Models show permafrost melting faster than thought

Vladimir Romanovsky
Vladimir Romanovsky in front of huge ice wedges in permafrost on an Arctic riverbank. (Photo courtesy Sergey Davydov)

For years researchers studying permafrost in the Arctic have seen a warming trend. Now scientists at the University of Alaska Fairbanks say it is happening even faster than expected.

Vladimir Romanovsky heads up the Permafrost Laboratory at the University of Alaska Fairbanks’ Geophysical Institute. Based on three decades of study he says the trend is more dramatic than previously thought.

“Even on the North Slope the summer thaw is increasing. We’re getting pretty close to that threshold of beginning of thawed permafrost.”

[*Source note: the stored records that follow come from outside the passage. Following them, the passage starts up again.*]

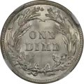 En el reverso, presenta una corona de maíz, trigo, arce y roble, unidas por una cinta, las cuales rodean las palabras «ONE DIME» (1/10 de dólar).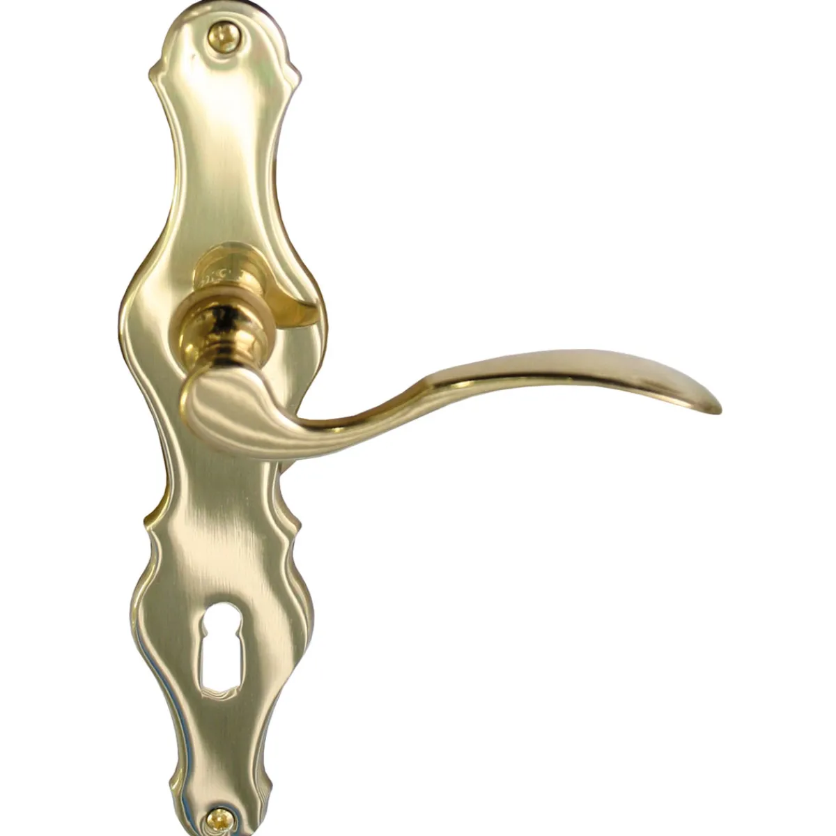 Die Alpertec Langschildgarnitur Susan-LS poliert 72 mm ist eine verzierte Drückergarnitur, die sich perfekt für Zimmertüren eignet. Mit ihrem verschnörkelten Schild und dem goldfarbenen Messingmaterial verleiht sie jeder Tür einen edlen Touch.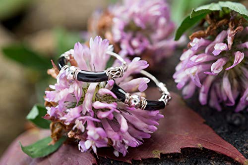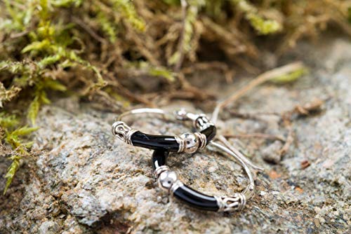 Delicati orecchini a cerchio in stile vichingo in argento anticato, decorati con ornamenti e perle nere lunghe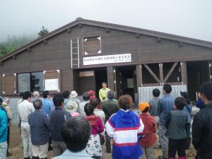 当日は天候もなんとか持ち、関係者一同と、たまたま登山で居合わせた利用者の方々とともに甚之助避難小屋の完成を祝いました。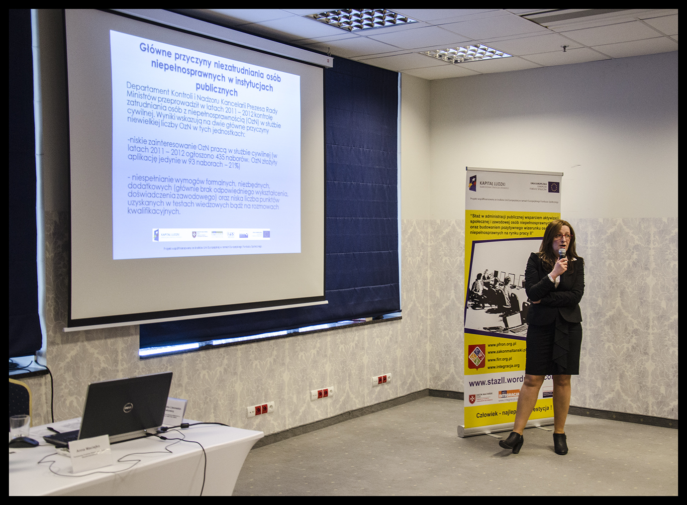 W dniu 21 kwietnia 2015 r. w JM Hotelu przy ul. Grzybowskiej 45 w Warszawie odbyła się konferencja promocyjno-upowszechniająca rezultaty projektu „Staż wadministracji publicznej wsparciem aktywizacji społecznej izawodowej osób niepełnosprawnych oraz budowaniem pozytywnego wizerunku osób niepełnosprawnych narynku pracy II”.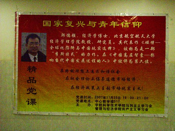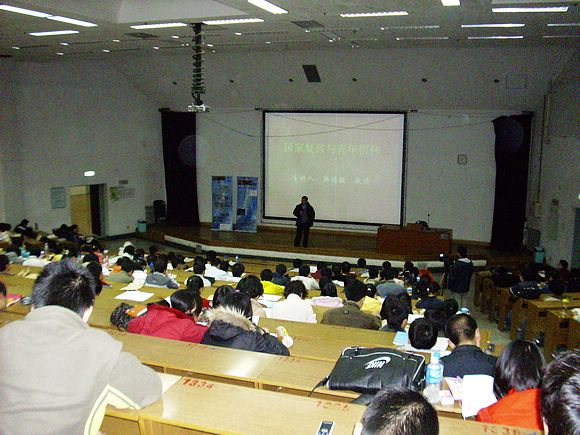 这次党课活动邀请到了北航经济管理学院的韩德强教授,他为我们做了《国家复兴与青年信仰》的讲座。他主要谈了在经济全球化的潮流下,我国面临诸多的挑战,我们应该树立为人民服务的信仰。

Romanovsky and his team, drew data from several models, as well as their own on-the-ground observations. They entered them into a special permafrost model. From that they developed two scenarios. One projects the consequences of modest reductions in global CO2 emissions. In that scenario, the resulting thaw is largely confined to the North Slope’s Brook’s Range.

The second scenario assumes today’s CO2 emission rates continue. In that case, more than half of the permafrost on the North Slope and Coastal Plain would be thawed by next century. Romanovsky says as ice-rich soils melt, the thawing will be dramatic to ecosystems and infrastructure.

“At one place you can have, like, half-meter settlement and another, just a few meters from that, almost none. And that’s the most dangerous for infrastructure because the surfaces become very uneven.”

Romanovsky’s findings were reported last week at the fall meeting of the American Geophysical Union.